As Slaughter and May competition partner Michael Rowe acknowledges: "The OFT is increasingly seen as a robust and effective regulator. In the boardroom over the last few years people have sat up and taken notice. Directors can no longer afford to ignore competition law – the financial penalties and risk of imprisonment are too severe."
The RBS decision was notable for several reasons, marking the first major case against a financial services company, a sector that has been in the regulator's sights for a long time but, until recently, with little to show for it. The case, which began two years ago and involved the illegal sharing of pricing information on commercial loans to solicitors and accountants between two individuals at Barclays and RBS, will be viewed as symbolic.

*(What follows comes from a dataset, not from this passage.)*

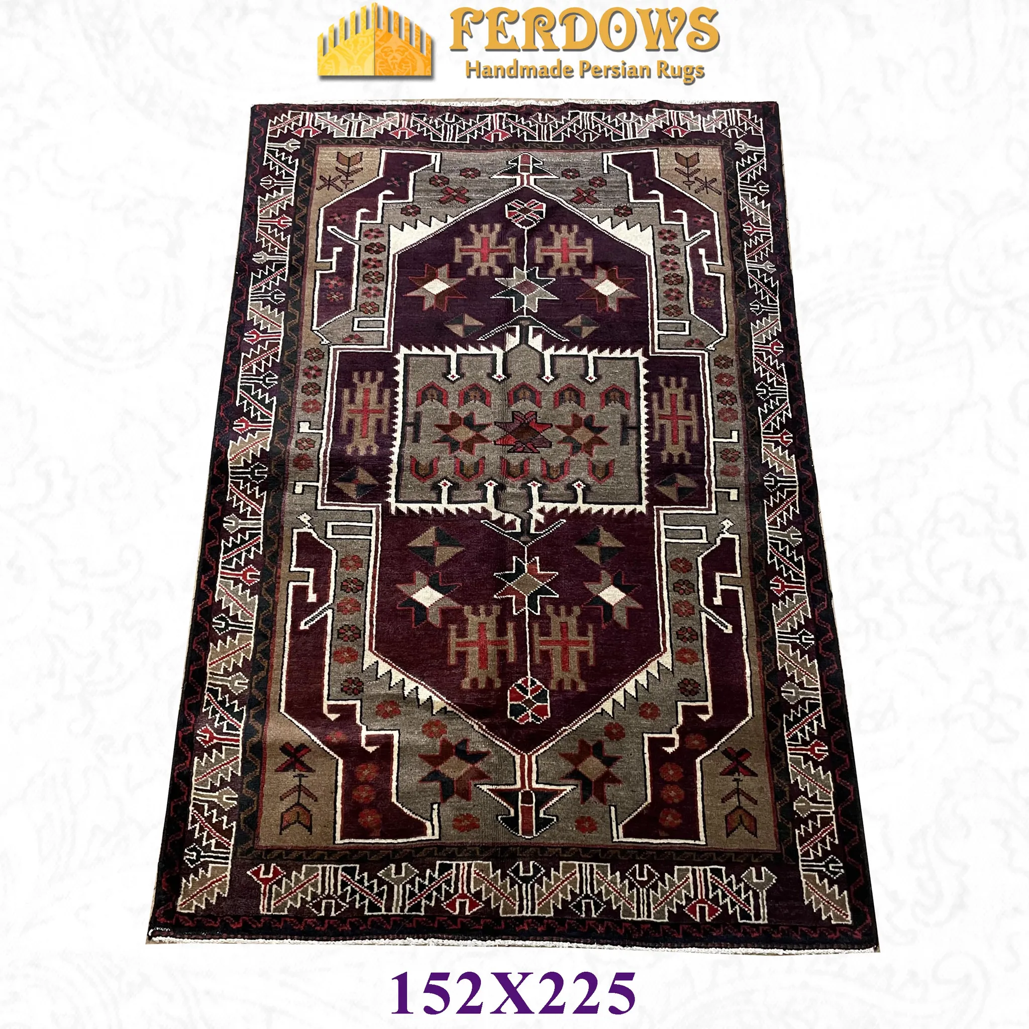 FERDOWSペルシャ絨毯 本場直輸入 手作り結び 羊毛素材 民族風の遊牧スタイル レトロなリビングルームラグで、心地よい温もりと独特の美しさをお楽しみください!

For one, the high level of the fine has attracted attention, given that the OFT was only pursuing data-sharing rather than a full-blown conspiracy to fix prices. Also significant is the use of the OFT's leniency policy, which saw Barclays gain immunity from action in return for providing the initial tip-off, a tactic that echoes established US-style enforcement.
Competition advisers also see the case as underlining the OFT's desire to achieve an effective deterrent by putting together the kind of high-profile cases that will hit the headlines. This has been particularly evident with anti-cartel activity, most prominently when British Airways (BA) was hit last year by a £121.5m fine for price-fixing fuel surcharges after industry rival Virgin turned whistleblower. A criminal trial involving four BA defendants kicked off in court this week, the first time that the OFT has used powers gained to bring such cases.
Other cartel investigations have resulted in the OFT last year fining 103 construction companies a total of £129.5m for bid rigging activity, while the regulator is due to report its findings on two cartel investigations within the dairy and tobacco industries within weeks. Investigations in this area span an eclectic mix of industries and are perhaps indicative of the commitment from the OFT and Brussels to stamp out anti-competitive behaviour while focusing on issues key to consumers. By consensus, the OFT is as focused on putting pressure on entire industries through high-profile investigations as it is individual regulatory breaches where it can be argued that consumers are suffering.
There is also the expectation that there will be an increasing number of follow-on actions from private companies or individuals seeking redress where there have been regulatory findings of cartel behaviour.
For many competition veterans, this underlying shift towards a tougher enforcement regime looks set to remain regardless of which party wins the general election, with the Conservative Party in recent weeks floating the idea of a new investigation into the financial services industry. As Freshfields Bruckhaus Deringer's Deirdre Trapp comments: "[The OFT] has had a pretty tough agenda for the past three to four years and it seems that in this economic environment they are still keeping in line with that agenda and won't be put off."